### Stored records

· · · · ·

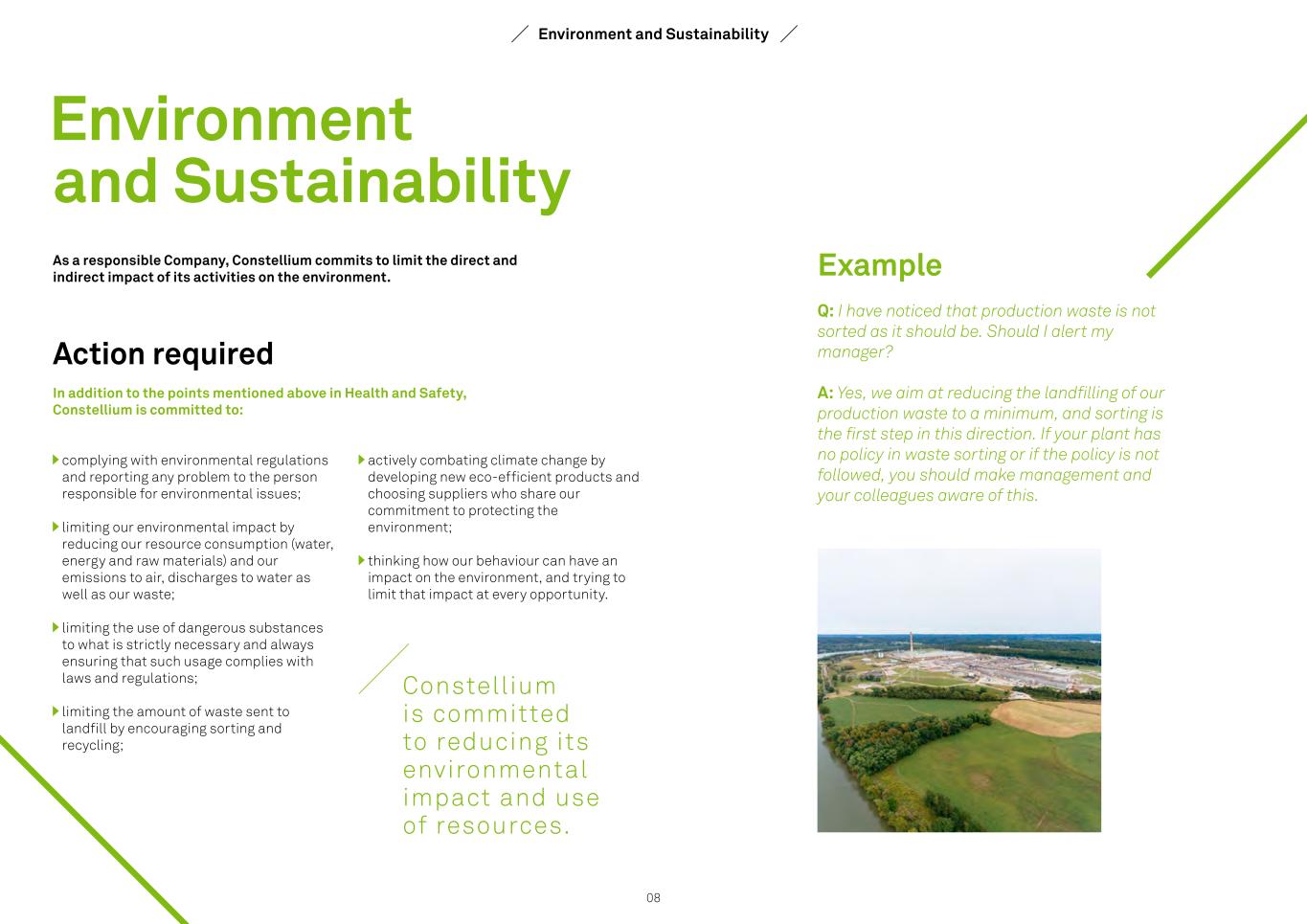 Example Q: I have noticed that production waste is not sorted as it should be. Should I alert my manager? A: Yes, we aim at reducing the landfilling of our production waste to a minimum, and sorting is the first step in this direction. If your plant has no policy in waste sorting or if the policy is not followed, you should make management and your colleagues aware of this. Action required In addition to the points mentioned above in Health and Safety, Constellium is committed to: complying with environmental regulations and reporting any problem to the person responsible for environmental issues; limiting our environmental impact by reducing our resource consumption (water, energy and raw materials) and our emissions to air, discharges to water as well as our waste; limiting the use of dangerous substances to what is strictly necessary and always ensuring that such usage complies with laws and regulations; limiting the amount of waste sent to landfill by encouraging sorting and recycling; actively combating climate change by developing new eco-efficient products and choosing suppliers who share our commitment to protecting the environment; thinking how our behaviour can have an impact on the environment, and trying to limit that impact at every opportunity. Environment and Sustainability Constellium is committed to reducing its environmental impact and use of resources. Environment and Sustainability As a responsible Company, Constellium commits to limit the direct and indirect impact of its activities on the environment. 08
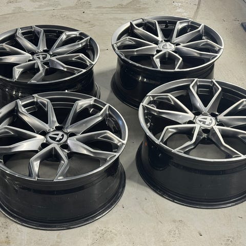 Kuvan uudenveroiset vanteet joissa renkaat kiinni. Renkaat on mitä on, mutta vanteet uudenveroiset.
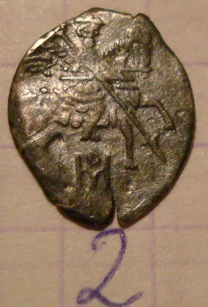 Спасибо всем!!! И еще три чешуйки на определение и оценку - вторая какая то странная, как ни крутил так и не понял что изображено со стороны всадника, и на часть его ни как не похоже 2-я Борис Годунов, КГ 193, простая. |
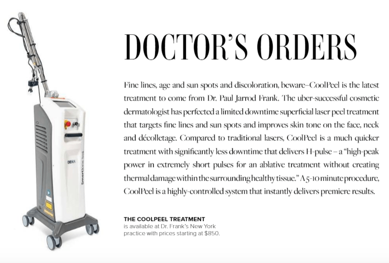 Fine lines, age and sun spots and discoloration, beware – CoolPeel is the latest treatment to come from Dr. Paul Jarrod Frank. The uber-successful cosmetic dermatologist has perfected a limited downtime superficial laser peel treatment that targets fine lines and sun spots and improves skin tone on the face, neck and decolletage. Compared to traditional lasers, CoolPeel is a much quicker treatment with significantly less downtime that delivers H-Pulse – a “high-peak power in extremely short pulses for an ablative treatment without creating thermal damage within the surrounding healthy tissue.” A 5-10 minute procedure, CoolPeel is a highly-controlled system that instantly delivers premiere results.
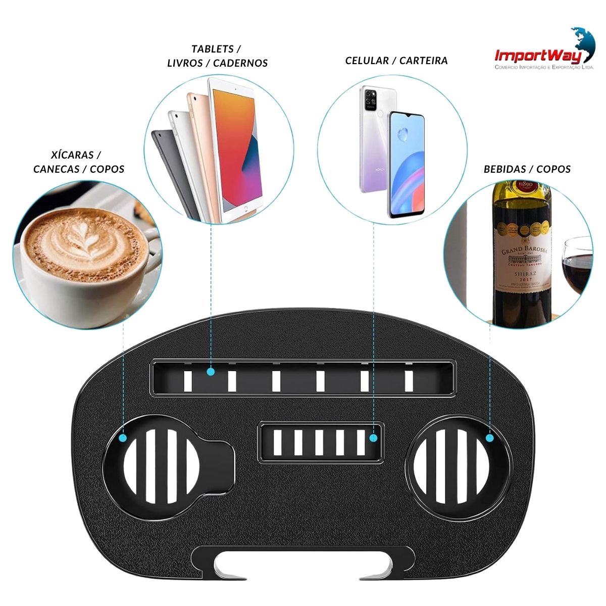 Mesa de Apoio Portátil para Cadeira com Suporte para 2 Copos ImportWay Preto
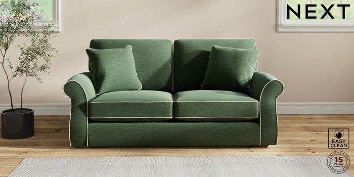 7.3.1 Buy Ashford Sofa Bed Fine Chenille with Contrast Mid Khaki Green and Oyster Flat Bun - Light from the Next UK online shop Click here to use our accessible website
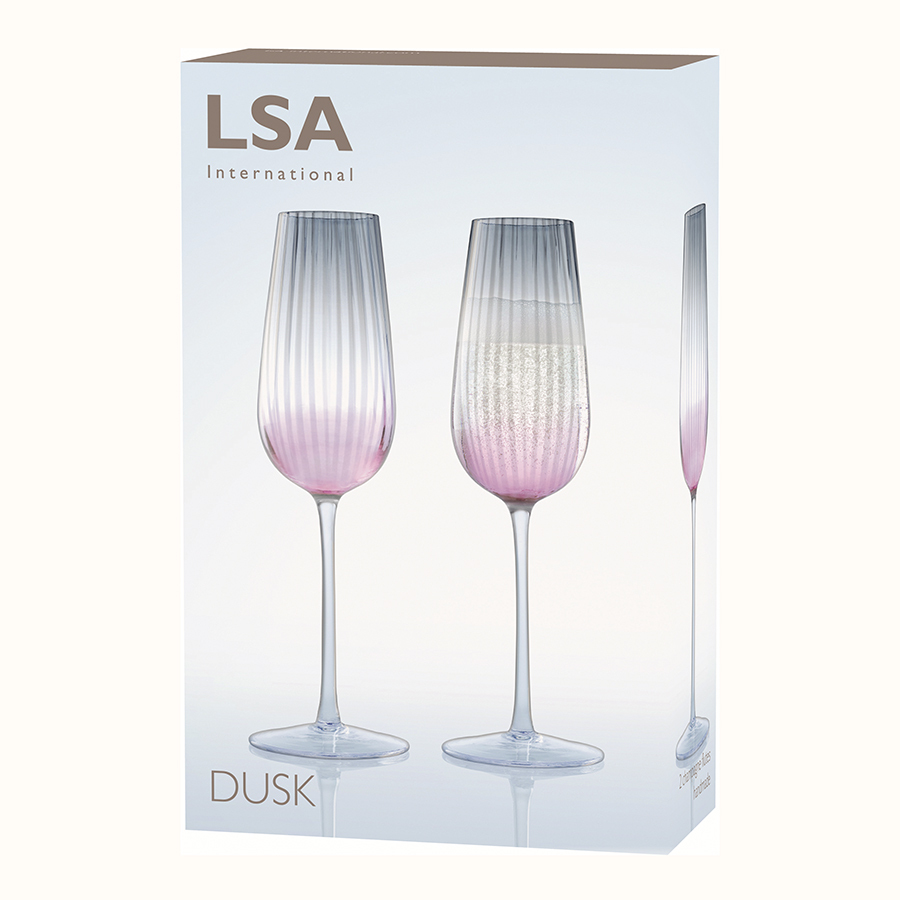 Бокалы из коллекции Dusk идеально подходят для сервировки шампанского. Набор упакован в красивую коробку и станет отличным подарком на любой другой праздник. Бокалы гармонично сочетаются с другой посудой коллекции Dusk.

· · · · ·

### Your instructions
Once the pictures are removed, return the entries exactly as they stand.

### Output of the exercise
 Example Q: I have noticed that production waste is not sorted as it should be. Should I alert my manager? A: Yes, we aim at reducing the landfilling of our production waste to a minimum, and sorting is the first step in this direction. If your plant has no policy in waste sorting or if the policy is not followed, you should make management and your colleagues aware of this. Action required In addition to the points mentioned above in Health and Safety, Constellium is committed to: complying with environmental regulations and reporting any problem to the person responsible for environmental issues; limiting our environmental impact by reducing our resource consumption (water, energy and raw materials) and our emissions to air, discharges to water as well as our waste; limiting the use of dangerous substances to what is strictly necessary and always ensuring that such usage complies with laws and regulations; limiting the amount of waste sent to landfill by encouraging sorting and recycling; actively combating climate change by developing new eco-efficient products and choosing suppliers who share our commitment to protecting the environment; thinking how our behaviour can have an impact on the environment, and trying to limit that impact at every opportunity. Environment and Sustainability Constellium is committed to reducing its environmental impact and use of resources. Environment and Sustainability As a responsible Company, Constellium commits to limit the direct and indirect impact of its activities on the environment. 08
 Kuvan uudenveroiset vanteet joissa renkaat kiinni. Renkaat on mitä on, mutta vanteet uudenveroiset.
 Спасибо всем!!! И еще три чешуйки на определение и оценку - вторая какая то странная, как ни крутил так и не понял что изображено со стороны всадника, и на часть его ни как не похоже 2-я Борис Годунов, КГ 193, простая. |
 Fine lines, age and sun spots and discoloration, beware – CoolPeel is the latest treatment to come from Dr. Paul Jarrod Frank. The uber-successful cosmetic dermatologist has perfected a limited downtime superficial laser peel treatment that targets fine lines and sun spots and improves skin tone on the face, neck and decolletage. Compared to traditional lasers, CoolPeel is a much quicker treatment with significantly less downtime that delivers H-Pulse – a “high-peak power in extremely short pulses for an ablative treatment without creating thermal damage within the surrounding healthy tissue.” A 5-10 minute procedure, CoolPeel is a highly-controlled system that instantly delivers premiere results.
 Mesa de Apoio Portátil para Cadeira com Suporte para 2 Copos ImportWay Preto
 7.3.1 Buy Ashford Sofa Bed Fine Chenille with Contrast Mid Khaki Green and Oyster Flat Bun - Light from the Next UK online shop Click here to use our accessible website
 Бокалы из коллекции Dusk идеально подходят для сервировки шампанского. Набор упакован в красивую коробку и станет отличным подарком на любой другой праздник. Бокалы гармонично сочетаются с другой посудой коллекции Dusk.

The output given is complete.